Belgian actress (born 1992)

Verona Verbakel (born 15 September 1992) is a Belgian actress.

== Acting career ==

Verona Verbakel has been working with theater company Ontroerend Goed since 2009. She was cast in theater productions Once and for all we're gonna tell you who we are so shut up and listen (in the English, French, German and Italian version) and Teenage Riot.

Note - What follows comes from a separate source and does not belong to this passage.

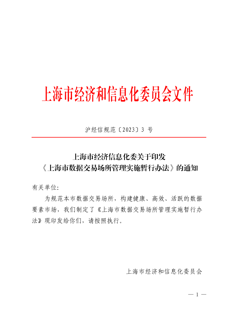为规范本市数据交易场所,构建健康、高效、活跃的数据要素市场,我们制定了《上海市数据交易场所管理实施暂行办法》,现印发给你们,请按照执行。

For Sirens (2014-2017), a feminist performance from the same theater company, she received The stage award for acting excellence for Best Ensemble at the Edinburgh Festival Fringe 2014.

In 2013, she performed The depth of the valley by Rataplan and director Dimitri Leue.

In 2014 she graduated Magna cum laude at the Royal Conservatory Antwerp (BE) for Drama Acting, one of her teachers being Ivo van Hove from ITA.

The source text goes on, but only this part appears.